Marianne Manda, a German graphic artist has helped to organize a minimalistic art performance at the gate to Wadi Hadhramaut and two fires are going to be set off March 14th on the peaks of two mountains there. The performance commemorates the tragedy of the famous Arabic couple Leila and Majnun whose love has been expressed in song, poetry since time immemorial. The story of love been consumed to death is symbolically represented by the two fires consuming themselves into the dawn. The fires will be set off on the mountains simultaneously, burn for half an hour and then glow till dawn. The silence of the memorial performance will only be interrupted by Arabian music related to the story to be retold.

Manda is no stranger to Yemen Times, her work has appeared in the past as she is a regular visitor to the Arabian peninsula and Yemen. Her recent bibliography reveals that she has received a public grant for the 7th Saxon symposium of graphic reproductions last year and has been working as an assistant lecturer at Salzburg International Summer Academy for 7 years. Currently she is holding a graphic art exposition at the Hadda Art Gallery where her graphic piece on extroversion lies as a prominent example of her style.
A first impression of her work since 1995 reveals more courageous lines; there are essences of bodily form, metamorphasizing subjects made more vibrant by these strokes. Do the changes in background color add to the suggestivity of personality changes? Is there a metamorphosis of a human consciousness as in “Cadmium” done in 1995?

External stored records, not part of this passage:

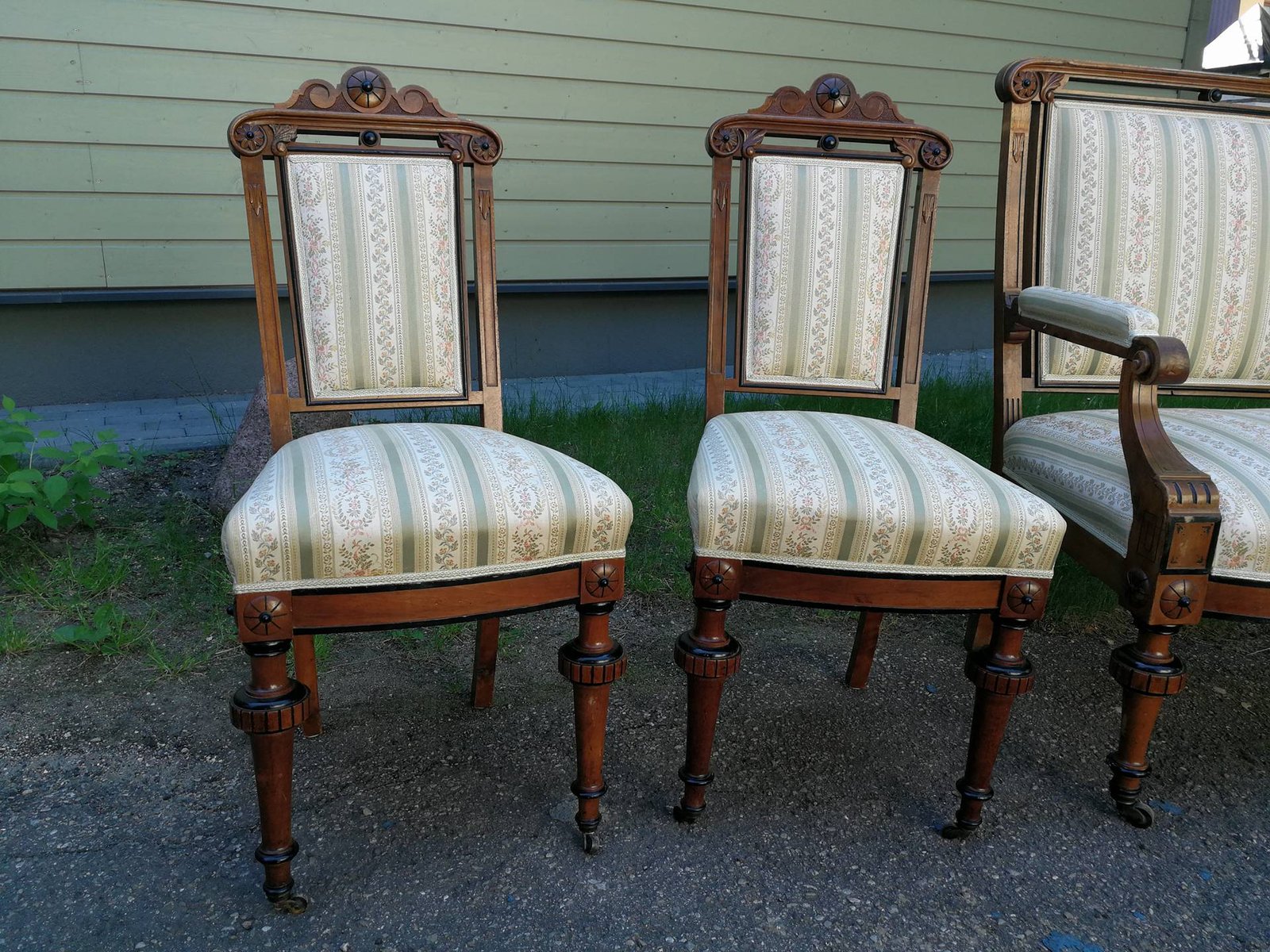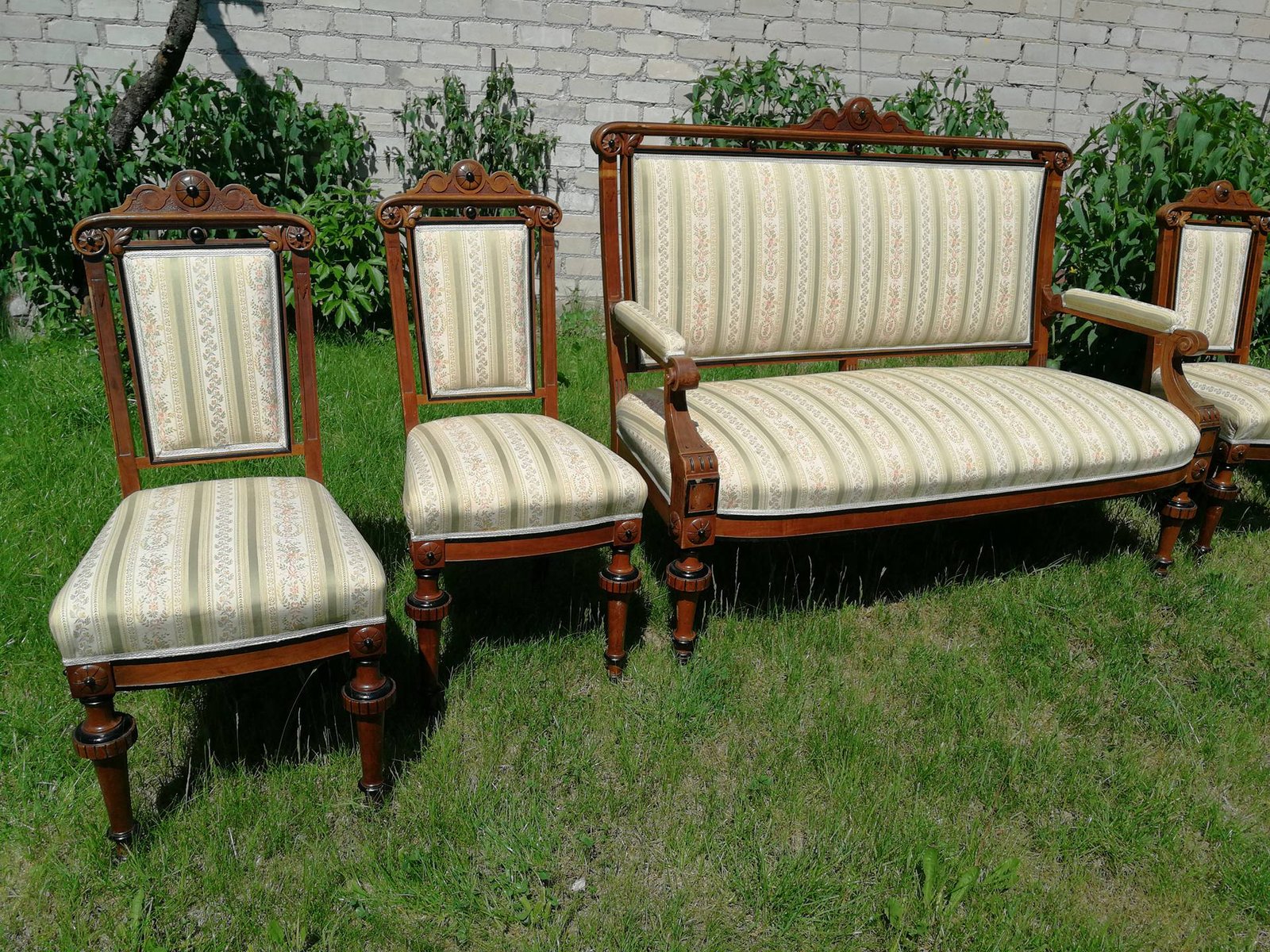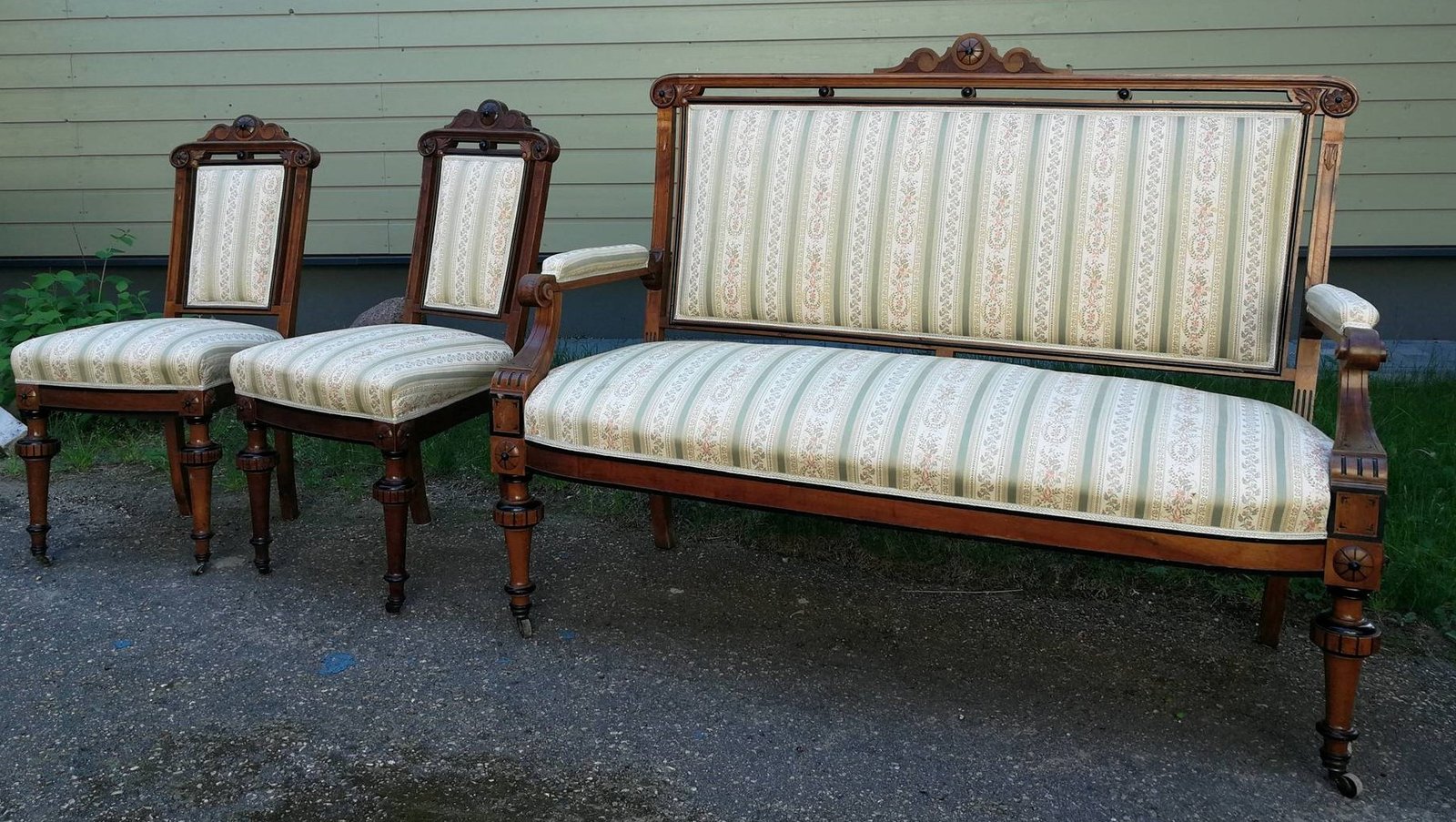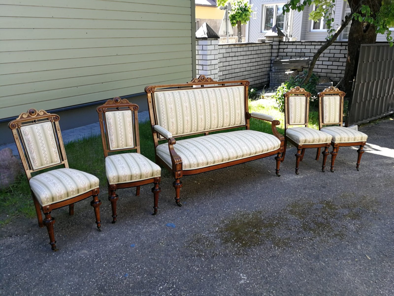 Antikvarinis komplektas: kanapa, sofa, minkštasuolis ir keturios kėdės. Galima pirkti atskirai: kanapos kaina 278, kėdės po 73 eur. Komplekto kaina 458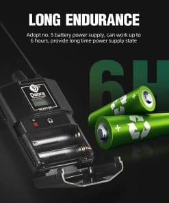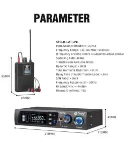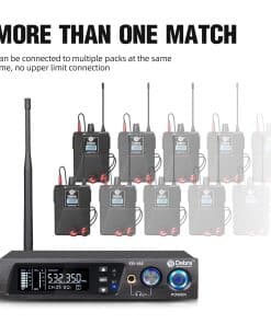 Descripción: El Sistema de Monitor Inalámbrico D Debra Audio PRO ER-102 UHF es ideal para escenarios, transmisiones, estudios de grabación, músicos, y actuaciones en banda. Con un rango de frecuencia de 510 MHz-580 MHz y 100 frecuencias preestablecidas para cada canal, puede evitar mejor las interferencias de señal. La distancia efectiva puede llegar a 800 pies en un escenario despejado. El transmisor cuenta con un panel LCD, RF y pantalla AF, mientras que el receptor tiene indicador de alimentación y recepción de RF. Incluye: 1 Transmisor, 1 Receptor Bodypack (con Auriculares), 1 Antena, 1 Adaptador de Corriente, 1 Manual de Usuario. ¡Conéctelo a un número ilimitado de receptores Bodypack para una experiencia auditiva inalámbrica completa!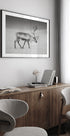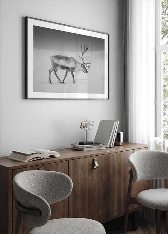 Eine einsame Rentiersilhouette steht in der arktischen Einöde, umgeben von endlosen, schneebedeckten Weiten und einem ruhigen, windgepeitschten Horizont. In Schwarz und Weiß werden die skulpturalen Linien der Geweihe und die raue Ruhe des Winters hervorgehoben. Ein Bild der Stille und Stärke von Giovanni Venier – perfekt für den nordischen Minimalismus. Schafft Ruhe im Wohnzimmer, Schlafzimmer oder Büro.
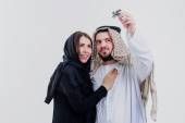 Połowa ciała arabski para pozowanie razem na białym tle na szarym tle.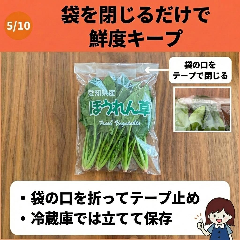 スーパーで売られているほうれん草の袋は上部が開いているものが多く、そのままだと水分が蒸発して葉がすぐにしなびてしまいます。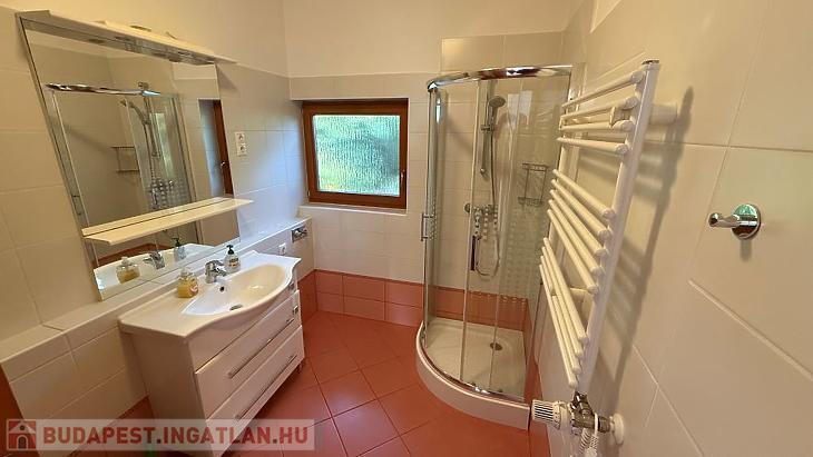 Található még lent egy saját 23 nm-es tároló/ garzonlakás, melynek ára 15 M Ft. Ez jelenleg egy lakható kislakásként üzemel, ugyanis egy 4 nm-es fürdőszoba is kialakításra került benne. Külön megközelíthető, így a jövőben ennek a kiadása is opció lehet.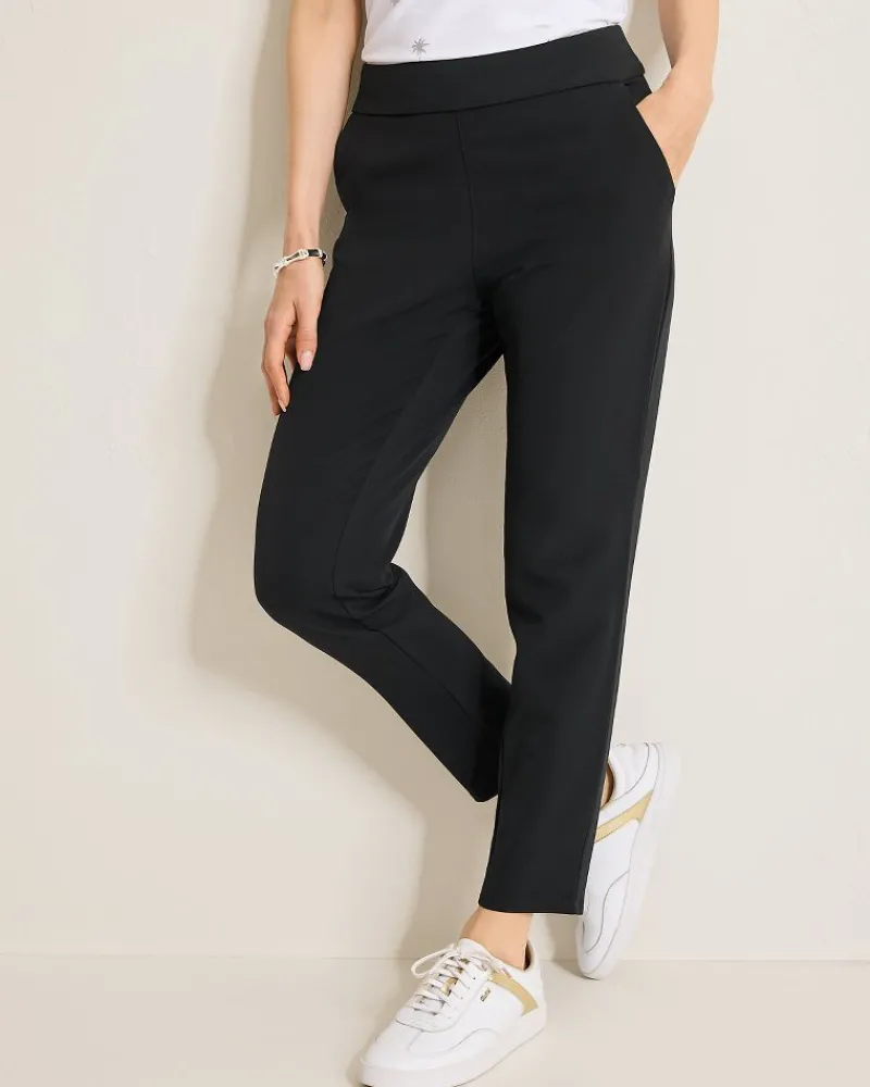 Contemporary appeal meets everyday versatility in these ultra-flattering pants, crafted from a stretchy blend with moisture-wicking features to help keep you cool and comfortable all day long.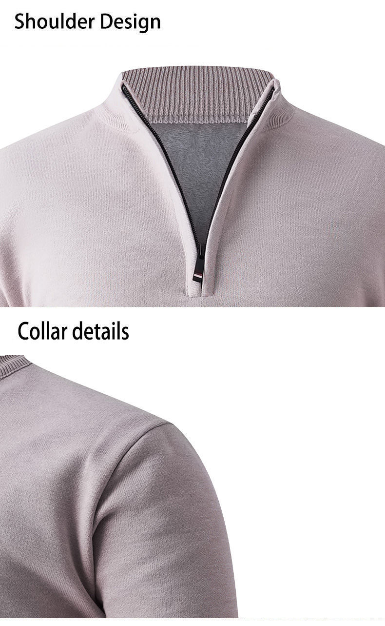 Solid Color Stand Up Collar Half Zip Knit Sweater - Men's Casual Pullover 580g | Prime Care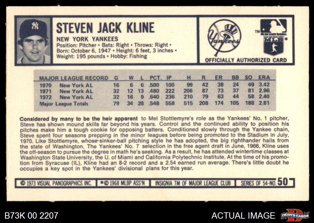 1973 Kellogg's #50 Steve Kline 8 - NM/MT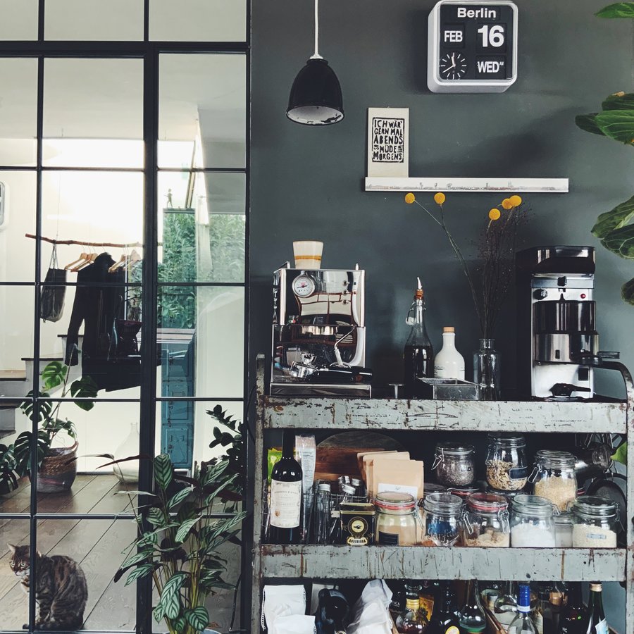 Café, Kaffeebar, Vintage, Flipclock, Industrial, industrialstyle, Letterpressprint, Küche, Küchenregal, Küchendeko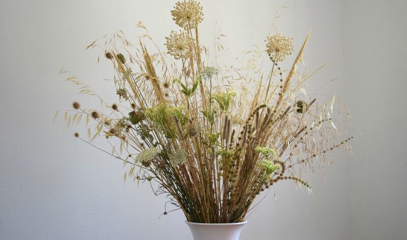 Toda esa definición “de carrerilla” la he copiado de Wikipedia, porque hace tanto calor que mi cerebro no es capaz de articular palabra. Pero quería presumir un poco del ramo que hice ayer, que es una buena prueba de que el campo ya no recuerda aquellas lluvias de otoño e invierno, porque las reservas están más que consumidas. No obstante, es julio y lo cierto es que ya es habitual que el paisaje por estos lares sea así, dorado, muy dorado. En esta ocasión se cuela el luminoso verde claro de las inflorescencias del Sedum sediforme y … y ya está, algo de blanco, y oro por aquí y por allá.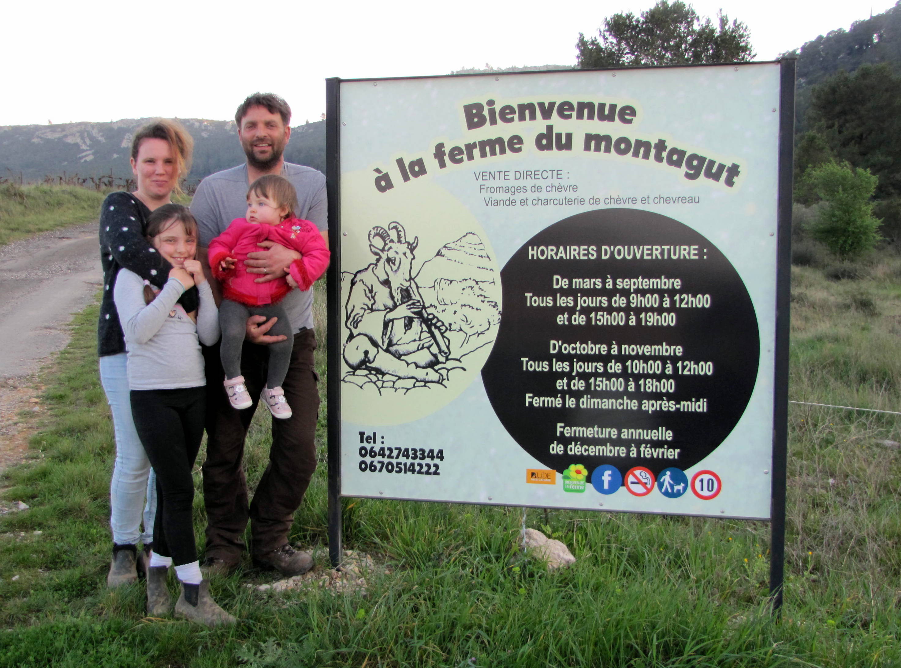 A la ferme du Montagut, la famille Portal confirme les inscriptions du nouveau panneau installé à l'entrée de leur chemin. |

Even her more somber colored works with brave dark graphic stokes like “Earth” done the same year, reveal a yearning to be born. Repeated human elements find new expressiveness in bold churning lines, like in her vibrant “Universum”. Here the observer can sense the cosmic rays reaching out to the creation of man in his earthly world.
Manda can now be thought of as expressing immemorial themes not only through her graphic work but by attempting to commemorate the most famous Arabic pair of lovers at the Wadi Hadhramaut. Their hearts afire with passion, alive today as a thousand years ago, are being depicted by the two fires she will set off this week.